Well, things are moving in the right direction. Stairs can be a big hurdle for wheelchair users but now there is a wheelchair with rubber tracks that can climb them. Scewo, a start-up company has developed a wheelchair that can be controlled using a smartphone, with stairs being just one of the range of terrains it can tackle. And it’s expected to be distributed to users by the end of 2019.
Next is wearable tech. MyoSwiss, a Zurich-based start-up has developed, with a combination of textiles and robotics, an exomuscle suit that weighs less than 5kg. It is designed to add a layer of muscle, supporting movements and providing stability for people who can walk to some extent. By using sensors at the knee and hip, it detects movements the user wants to make and helps accordingly.

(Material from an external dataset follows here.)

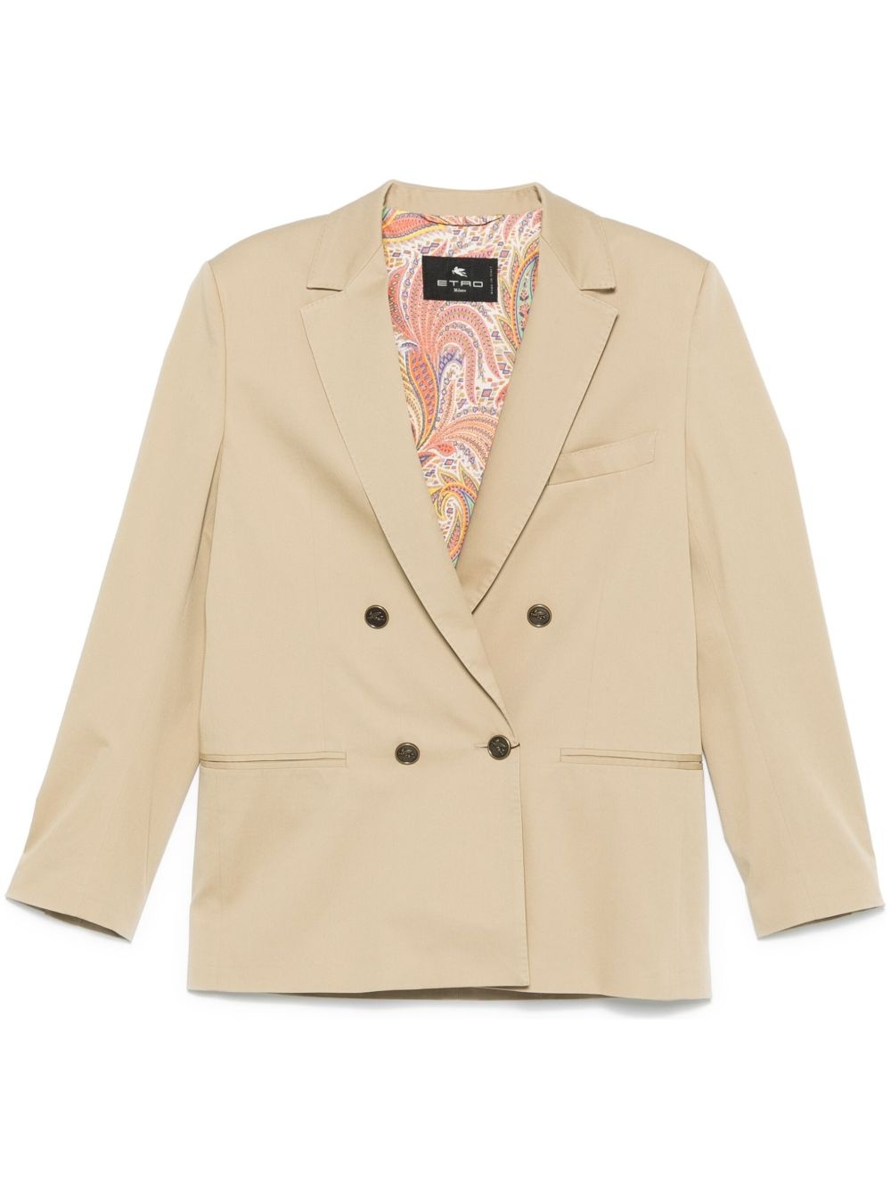 notched-lapels blazer Highlights - Beige - Double-breasted button fastening - Chest welt pocket - Two front jetted pockets - Italian rear vents Made in Italy Composition Outer: Cotton 97%, Spandex/Elastane 3% Lining: Viscose 97%, Spandex/Elastane 3% SIZE & FIT Model measurements Height 5 ft 11 in(1.8 m) Bust/Chest 32.67 in(83 cm) Hips 36.22 in(92 cm) Waist 24.4 in(62 cm) FittingInformation Designed to be unstructured, offering a loose fit throughout The internal shoulder pads offer a structured shape Made from a midweight stretch fabric, this piece offers elasticity and flexibility when worn

Interestingly, the WeWalk smart stick has an ultrasonic sensor that detects obstacles above chest level and uses vibrations to warn the user. By pairing with a smartphone, it can also help navigation and has voice-assisted integration to Google Maps. In addition, connection with the IoT could mean that it provides information such as which shops are nearby or which the bus, train or exit is approaching.
So, while exciting high-tech solutions are making cities easier for people with disabilities, the downside, of course, is cost as this tech may well be prohibitively expensive for many people.
Whilst anything that helps people navigate a city environment is positive, it’s worth considering that there should also be a focus on inclusive design that makes the technology far more widely accessible to users.